Requirement
Produce a verbatim copy of the following records, leaving out all pictures.

###

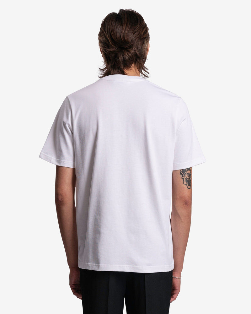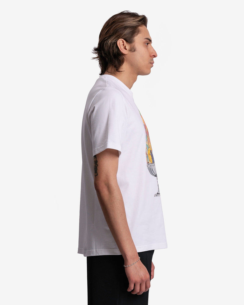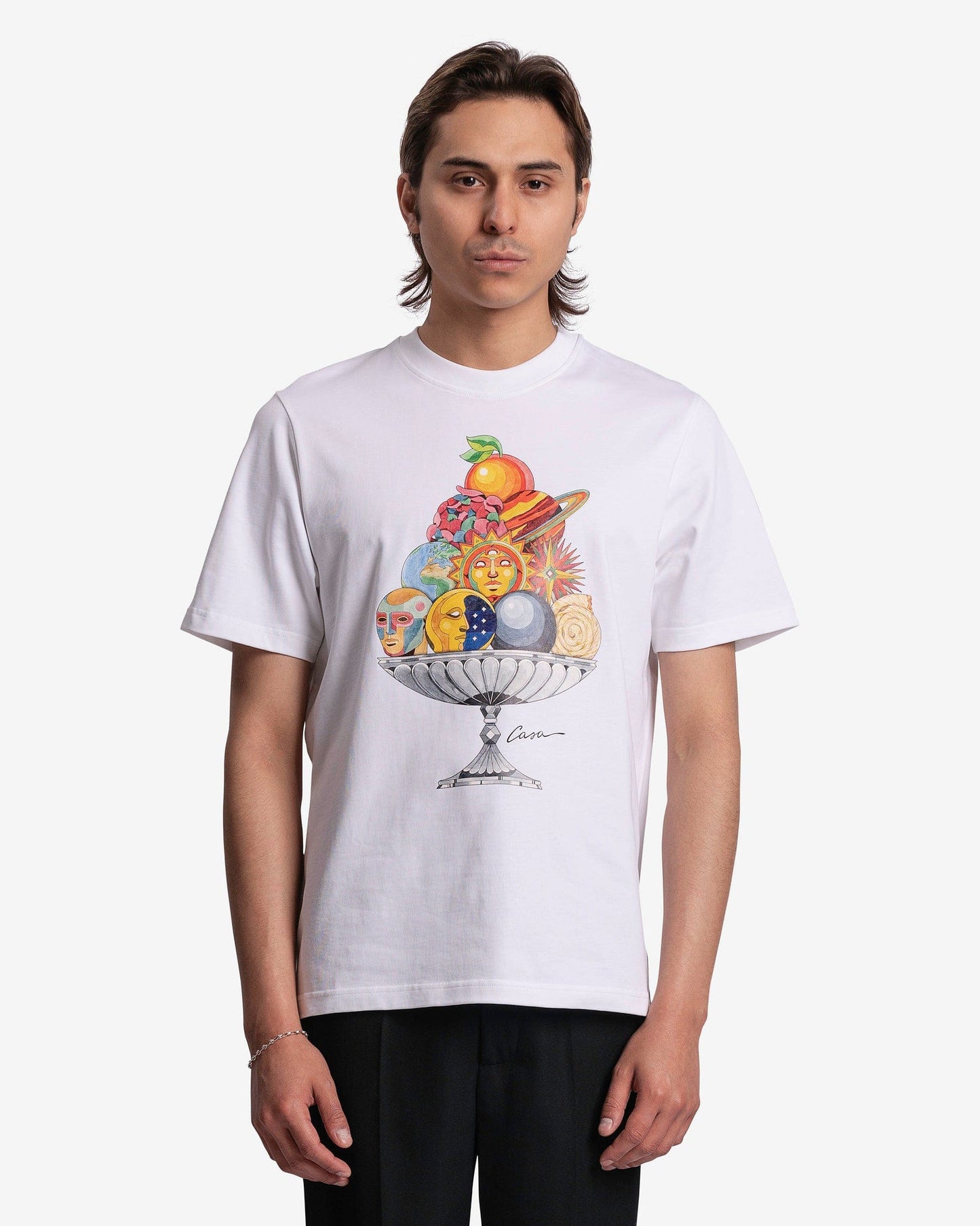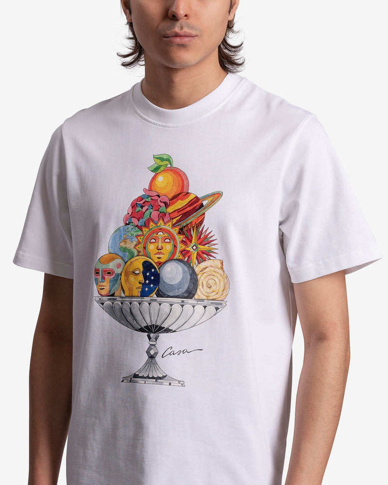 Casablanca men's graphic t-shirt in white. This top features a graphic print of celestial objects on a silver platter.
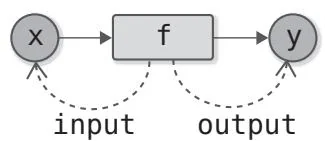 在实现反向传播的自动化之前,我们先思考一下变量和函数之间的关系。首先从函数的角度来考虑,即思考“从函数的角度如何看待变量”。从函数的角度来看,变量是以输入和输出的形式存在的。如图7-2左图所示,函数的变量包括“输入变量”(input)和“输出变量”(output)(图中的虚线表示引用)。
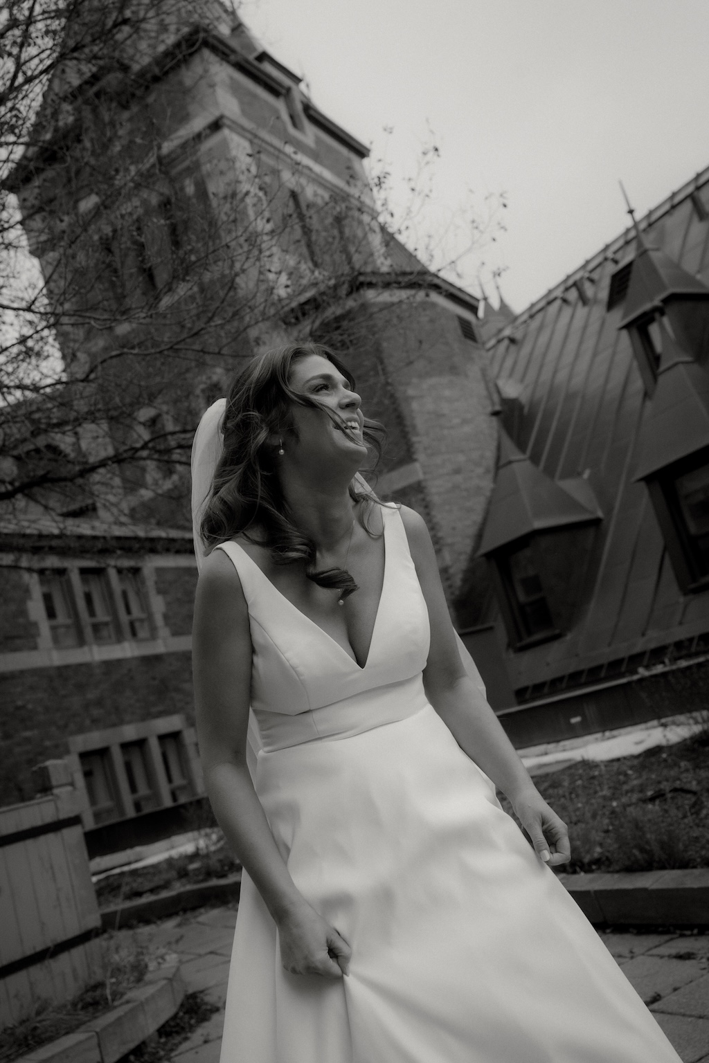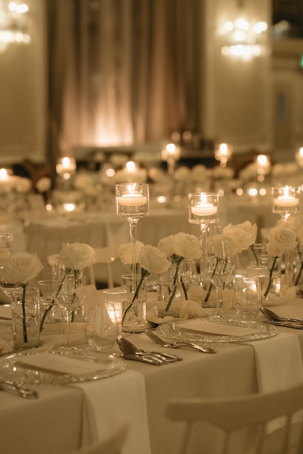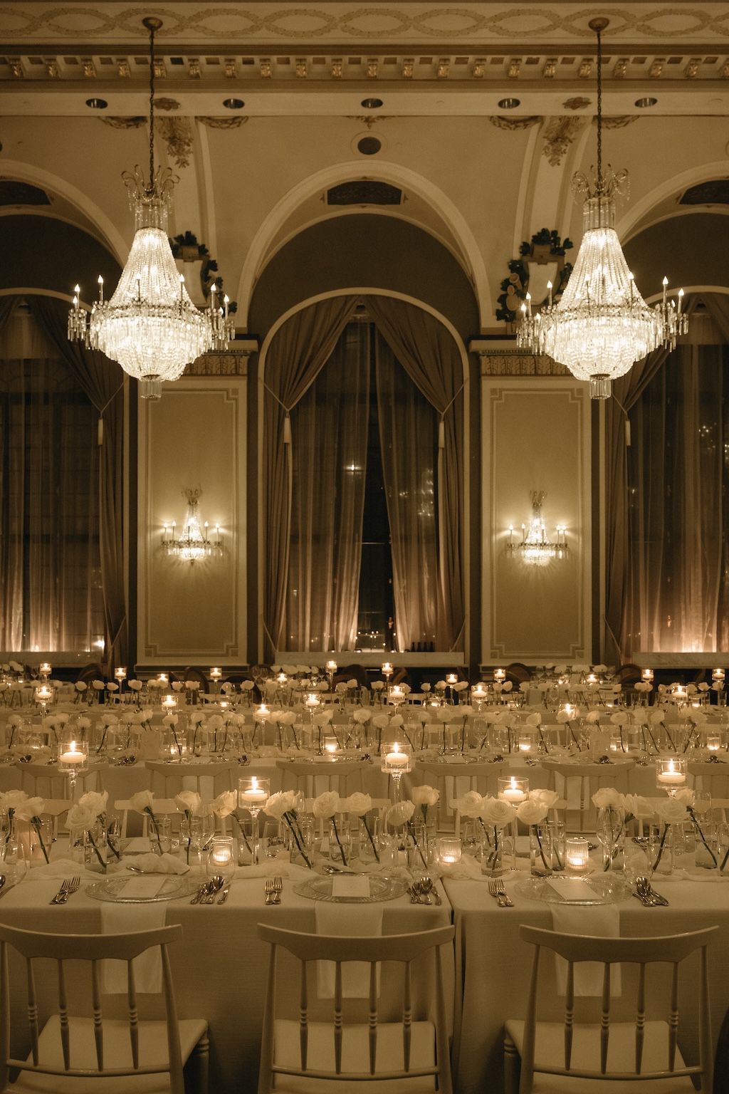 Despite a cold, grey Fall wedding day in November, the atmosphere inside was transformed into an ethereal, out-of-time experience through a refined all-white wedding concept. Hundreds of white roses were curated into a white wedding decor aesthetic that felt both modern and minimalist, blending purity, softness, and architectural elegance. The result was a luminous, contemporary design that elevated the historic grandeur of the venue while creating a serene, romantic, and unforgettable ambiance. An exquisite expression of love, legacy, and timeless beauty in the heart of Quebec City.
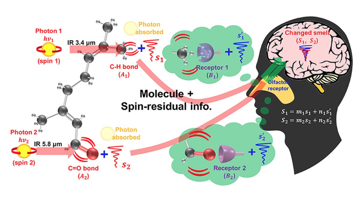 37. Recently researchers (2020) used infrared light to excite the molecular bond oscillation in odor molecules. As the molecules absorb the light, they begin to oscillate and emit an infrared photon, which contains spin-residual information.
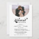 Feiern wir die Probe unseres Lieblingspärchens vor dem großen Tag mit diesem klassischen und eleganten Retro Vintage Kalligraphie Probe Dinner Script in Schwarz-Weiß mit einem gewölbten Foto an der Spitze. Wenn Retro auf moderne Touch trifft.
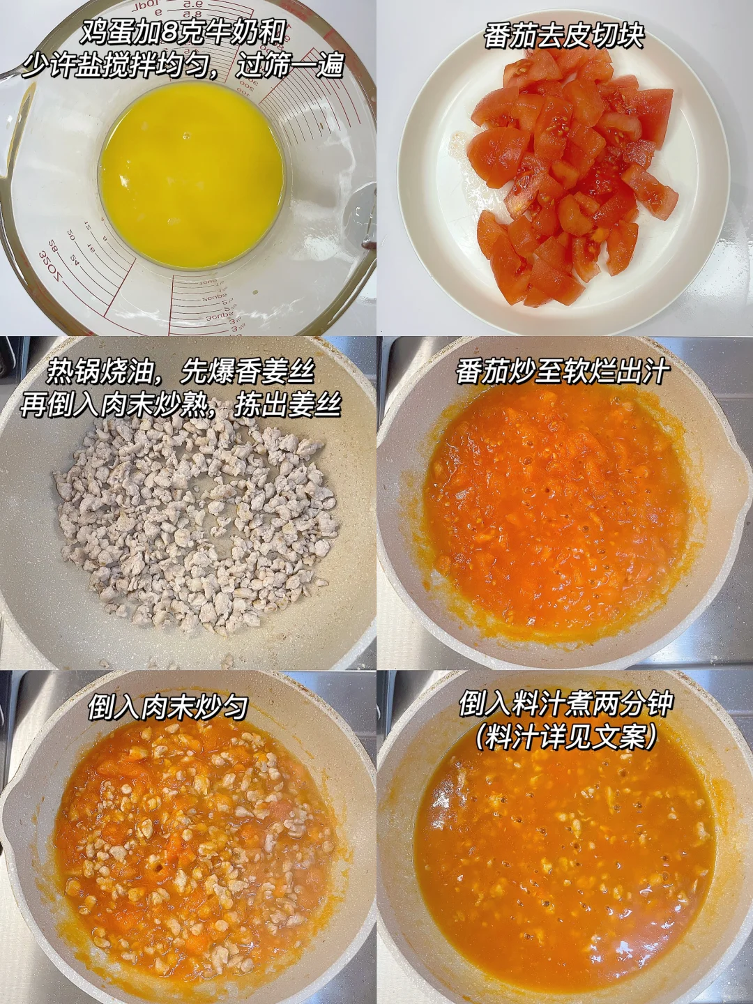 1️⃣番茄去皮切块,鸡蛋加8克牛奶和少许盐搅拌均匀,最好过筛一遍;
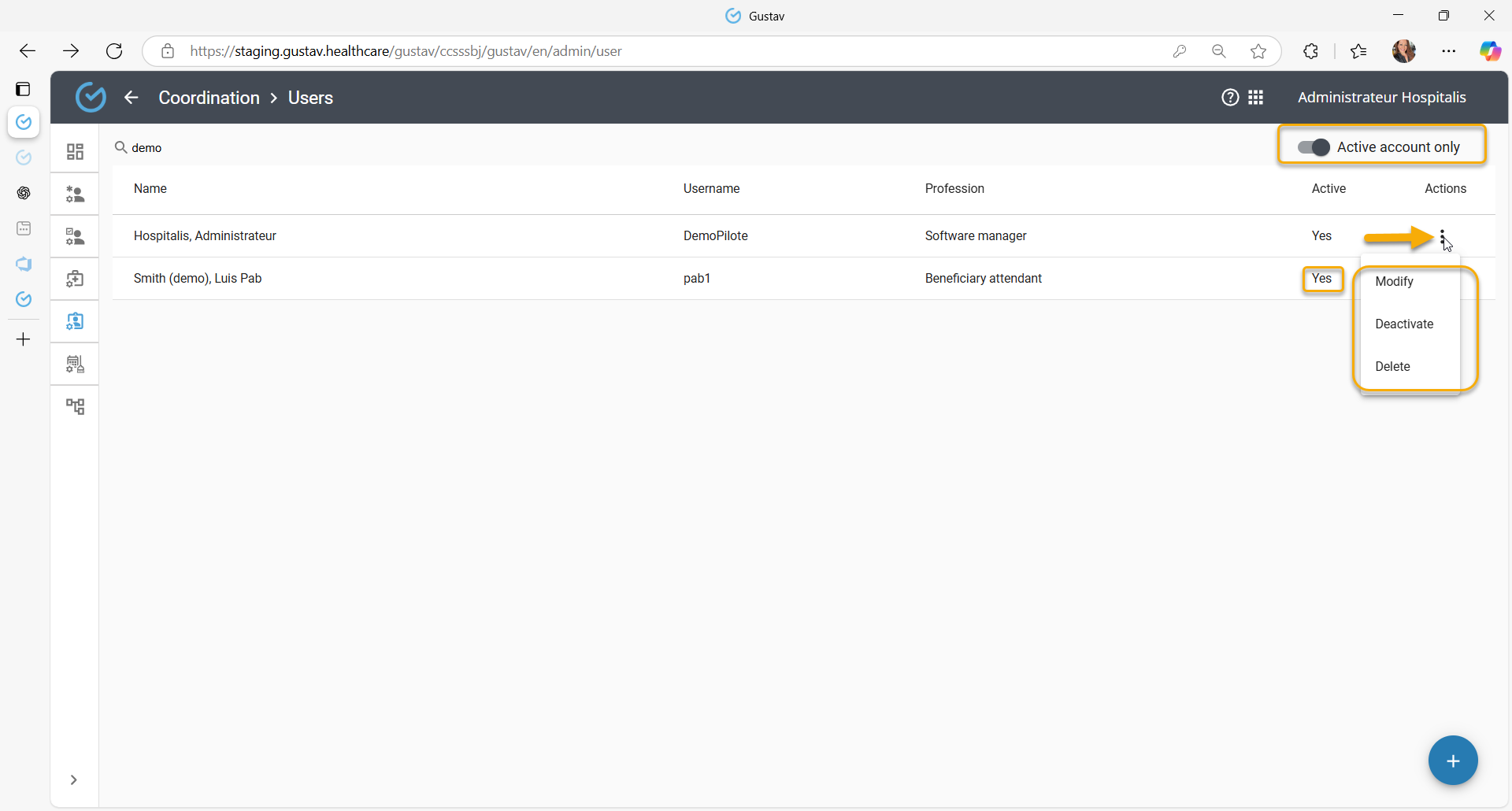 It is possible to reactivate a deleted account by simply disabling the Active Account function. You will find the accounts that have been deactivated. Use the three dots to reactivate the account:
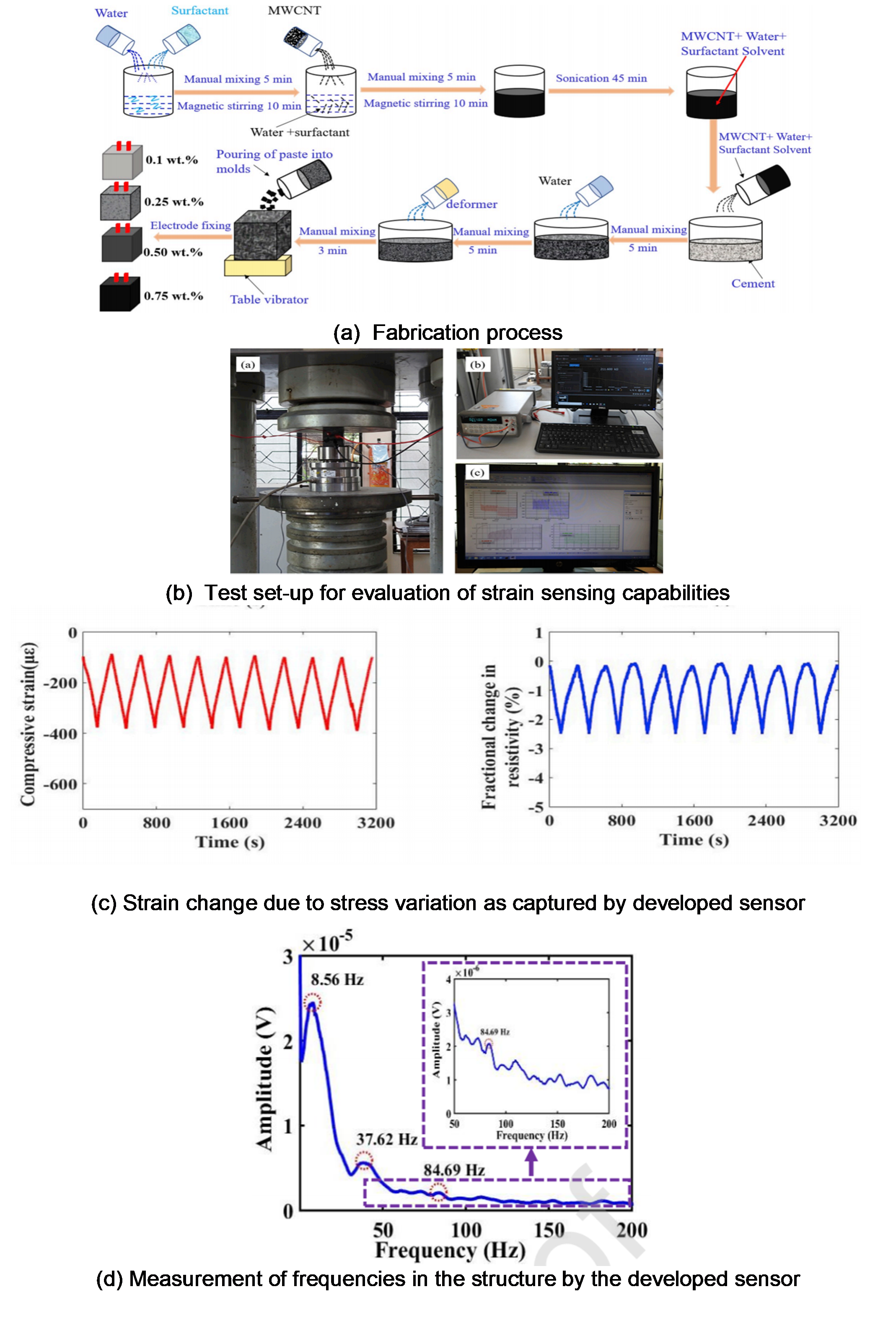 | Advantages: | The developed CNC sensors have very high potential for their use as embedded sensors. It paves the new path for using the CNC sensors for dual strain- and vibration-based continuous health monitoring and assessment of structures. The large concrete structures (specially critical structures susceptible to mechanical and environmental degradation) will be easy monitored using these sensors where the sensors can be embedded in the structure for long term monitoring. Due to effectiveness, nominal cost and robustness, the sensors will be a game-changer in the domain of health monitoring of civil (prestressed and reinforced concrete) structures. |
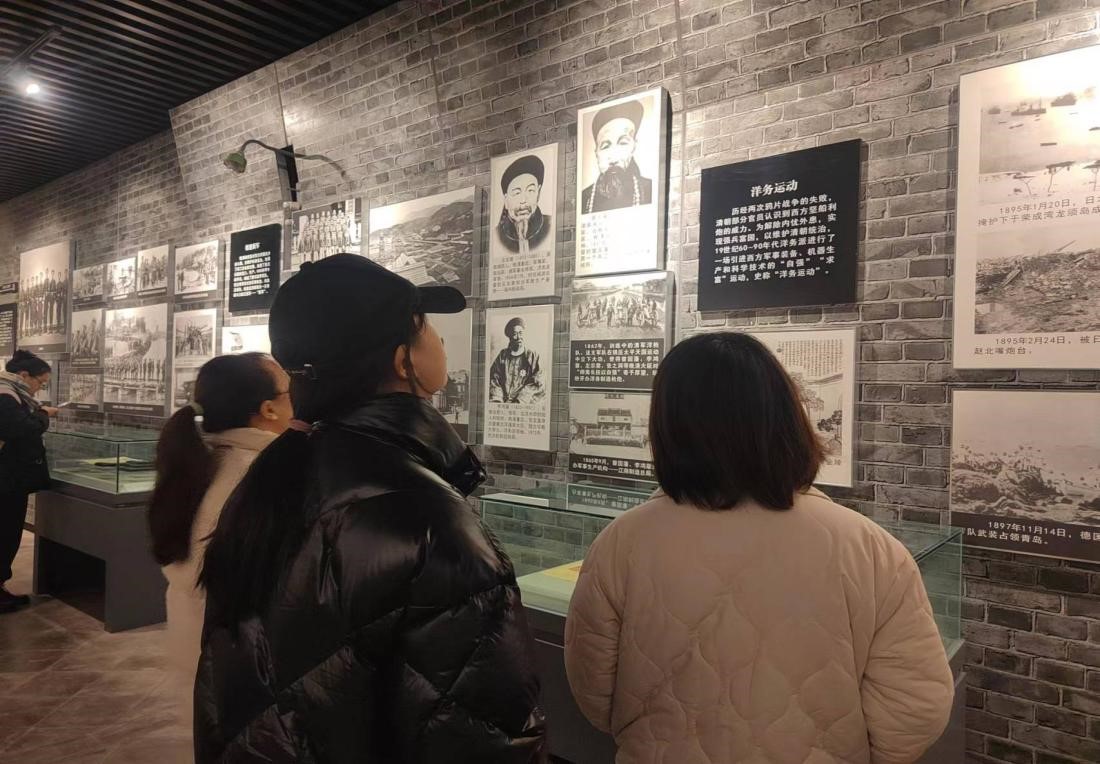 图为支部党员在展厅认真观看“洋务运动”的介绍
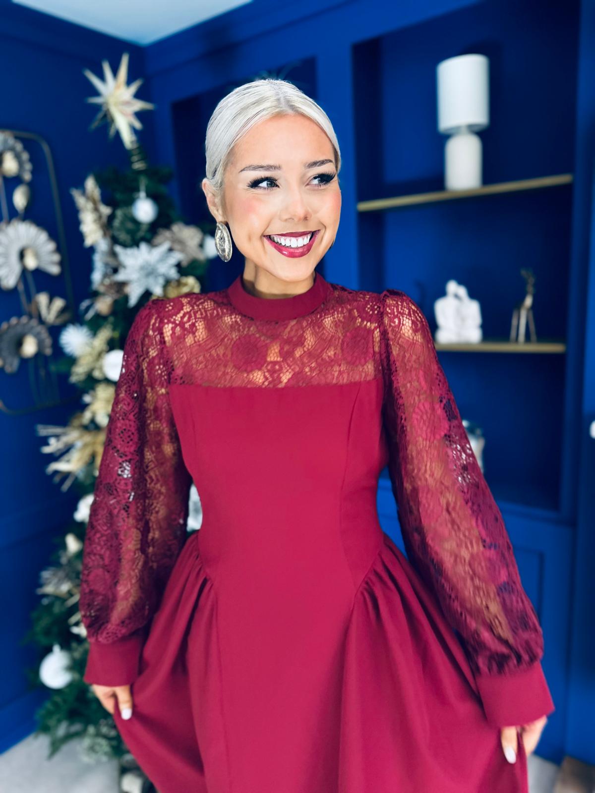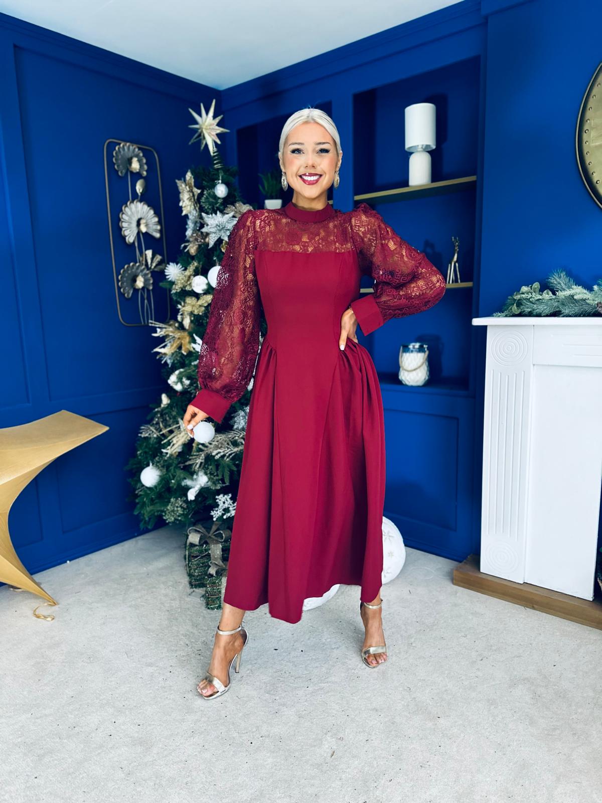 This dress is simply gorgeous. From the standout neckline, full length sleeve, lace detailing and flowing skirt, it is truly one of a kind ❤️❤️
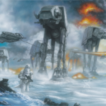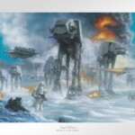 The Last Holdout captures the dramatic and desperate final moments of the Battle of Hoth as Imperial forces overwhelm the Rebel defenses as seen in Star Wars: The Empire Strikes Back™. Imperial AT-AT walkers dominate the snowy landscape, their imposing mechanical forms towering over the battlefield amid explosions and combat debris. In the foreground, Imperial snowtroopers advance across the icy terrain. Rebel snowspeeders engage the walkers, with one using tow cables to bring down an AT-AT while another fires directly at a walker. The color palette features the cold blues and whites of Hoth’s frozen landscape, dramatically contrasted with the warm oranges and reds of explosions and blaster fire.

###

Answer to this exercise
 Casablanca men's graphic t-shirt in white. This top features a graphic print of celestial objects on a silver platter.
 在实现反向传播的自动化之前,我们先思考一下变量和函数之间的关系。首先从函数的角度来考虑,即思考“从函数的角度如何看待变量”。从函数的角度来看,变量是以输入和输出的形式存在的。如图7-2左图所示,函数的变量包括“输入变量”(input)和“输出变量”(output)(图中的虚线表示引用)。
 Despite a cold, grey Fall wedding day in November, the atmosphere inside was transformed into an ethereal, out-of-time experience through a refined all-white wedding concept. Hundreds of white roses were curated into a white wedding decor aesthetic that felt both modern and minimalist, blending purity, softness, and architectural elegance. The result was a luminous, contemporary design that elevated the historic grandeur of the venue while creating a serene, romantic, and unforgettable ambiance. An exquisite expression of love, legacy, and timeless beauty in the heart of Quebec City.
 37. Recently researchers (2020) used infrared light to excite the molecular bond oscillation in odor molecules. As the molecules absorb the light, they begin to oscillate and emit an infrared photon, which contains spin-residual information.
 Feiern wir die Probe unseres Lieblingspärchens vor dem großen Tag mit diesem klassischen und eleganten Retro Vintage Kalligraphie Probe Dinner Script in Schwarz-Weiß mit einem gewölbten Foto an der Spitze. Wenn Retro auf moderne Touch trifft.
 1️⃣番茄去皮切块,鸡蛋加8克牛奶和少许盐搅拌均匀,最好过筛一遍;
 It is possible to reactivate a deleted account by simply disabling the Active Account function. You will find the accounts that have been deactivated. Use the three dots to reactivate the account:
 | Advantages: | The developed CNC sensors have very high potential for their use as embedded sensors. It paves the new path for using the CNC sensors for dual strain- and vibration-based continuous health monitoring and assessment of structures. The large concrete structures (specially critical structures susceptible to mechanical and environmental degradation) will be easy monitored using these sensors where the sensors can be embedded in the structure for long term monitoring. Due to effectiveness, nominal cost and robustness, the sensors will be a game-changer in the domain of health monitoring of civil (prestressed and reinforced concrete) structures. |
 图为支部党员在展厅认真观看“洋务运动”的介绍
 This dress is simply gorgeous. From the standout neckline, full length sleeve, lace detailing and flowing skirt, it is truly one of a kind ❤️❤️
 The Last Holdout captures the dramatic and desperate final moments of the Battle of Hoth as Imperial forces overwhelm the Rebel defenses as seen in Star Wars: The Empire Strikes Back™. Imperial AT-AT walkers dominate the snowy landscape, their imposing mechanical forms towering over the battlefield amid explosions and combat debris. In the foreground, Imperial snowtroopers advance across the icy terrain. Rebel snowspeeders engage the walkers, with one using tow cables to bring down an AT-AT while another fires directly at a walker. The color palette features the cold blues and whites of Hoth’s frozen landscape, dramatically contrasted with the warm oranges and reds of explosions and blaster fire.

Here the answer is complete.